Язык цивилизации и приобщения к ней был господствующим идиомом XIX века. На рубеже XIX–XX веков на короткое время его оспаривал или поставил под сомнение расизм, в своих крайних проявлениях отрицавший способность Других к обучению. После Первой мировой войны, в атмосфере, в которой расистская риторика по всему миру – но не в Германии и не в Центрально-Восточной Европе – ослабла, цивилизаторское мышление пережило ренессанс, прежде чем в 1930‑х годах итальянцы, японцы и немцы внушили себе, что, принадлежа к расе господ, они владеют правом сильного и полномочиями для такого колониализма, который лишен минимума симпатий к колонизуемым, необходимого для трансформирующего влияния цивилизаторской миссии. Таким образом, от цивилизаторской миссии Викторианской эпохи вели разные пути в будущее. Один из этих путей закончился в XX веке в крайней точке, где с отрицанием того факта, что Другие тоже являются людьми, рухнула и фикция собственной цивилизованности. Другой путь вел через начинания «колониального развития» (colonial development
) в эпоху позднего колониализма к помощи развивающимся странам со второй половины XX века не только на национальном, но и на международном уровне. Третий путь вылился в безразличие – там, где, несмотря на масштабные усилия, индивидуальные цивилизаторские миссии потерпели неудачу. Оптимистический цивилизатор постоянно рискует потерпеть в своих усилиях фиаско. Британцы пережили этот момент, когда в 1857 году «Индия» (как в коллективной унификации это воспринималось в Великобритании) после десятилетий британских реформ с шокирующей наглядностью проявила себя «неблагодарной» и «неисправимой». Похожий опыт постоянно переживали и миссионеры: начатое ими обращение в христианство оставалось поверхностным либо, наоборот, было настолько основательным, что новообращенные отмежевывались от своих миссионерских покровителей. Всевозможные политические движения за автономию часто интерпретировались как непреднамеренные побочные эффекты распространения западного мышления. Азиаты и африканцы обращали право, с которым они познакомились через европейцев, критически против них самих и противопоставляли универсализму возвышенных правовых принципов реалии постыдной колониальной практики. Распространяемые с большими усилиями европейские языки стали инструментом антиимпериалистической риторики.XIX век выделяется из цепи эпох тем, что никогда прежде и – с подобной непосредственностью – уже никогда после окончания Первой мировой войны властные и образованные элиты Европы не были столь самоуверенно убеждены в том, что они находятся на острие прогресса и воплощают цивилизацию, способную служить глобальной моделью.

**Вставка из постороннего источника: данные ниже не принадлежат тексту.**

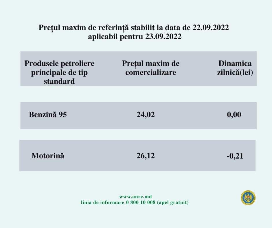 De menționat că, de la 1 septembrie 2021 au intrat în vigoare modificările la legea produselor petroliere. Așadar, ANRE stabilește prețurile plafon pentru benzina cu cifra octanică 95 și pentru motorină.

Или говоря иначе: успехи Европы в создании материальных богатств, в научно-техническом освоении природы, в основанном на военной и экономической мощи расширении господства и влияния по всему миру создали чувство превосходства, которое нашло свое символическое выражение в представлении об универсальной «цивилизации» Европы. К концу столетия для этого закрепилось новое обозначение – «эпоха модерна» (Moderne
)[629]. У слова не было множественного числа; лишь в последние годы XX века начали говорить о «множественных модерностях». До сего дня понятие «эпоха модерна» сохранило свою амбивалентность. Единого мнения, с какого времени отсчитывать начало эпохи модерна, по-прежнему нет. Уже на ранней стадии понятие применялось в двух значениях разного масштаба. С одной стороны, «модерной» обозначали (западно)европейскую цивилизацию в целом и в отличие от всех других культур. Затем, однако, рассматривались противоречия и в самой Европе. Эти противоречия, в свою очередь, лежали в двух плоскостях. Во-первых, «эпоха модерна» и «модерность» обозначали позиции и идеалы авангарда – оппозиционно настроенных узких кругов, опережавших в своих взглядах приверженное традициям мещанское большинство. «Модерными» в этом узком смысле считали себя различные движения, выступавшие за обновление искусства. Под лозунгом модерности они бросали вызов принятым эстетическим нормам. Во-вторых, нельзя было не видеть географических различий внутри Европы. «Модерными» во многих странах континента на рубеже XIX–XX веков были в лучшем случае образ жизни, сознание и вкус городских элит; деревня же влачила инертное существование. С интеллектуальной, буржуазной и аристократической точек зрения, то есть из Лондона, Парижа, Амстердама, Вены, Берлина, Милана, Будапешта – а равно из Бостона или Буэнос-Айреса, – казалось спорным, являются ли окружающие их огромные регионы субъектом или скорее объектом, требующим приобщения к цивилизации. Относились ли вообще Балканы, Галиция или Сицилия, Ирландия или Португалия и примитивные общества фронтира на американском континенте к «цивилизованному миру»? В каком смысле их можно было считать частью «Запада»?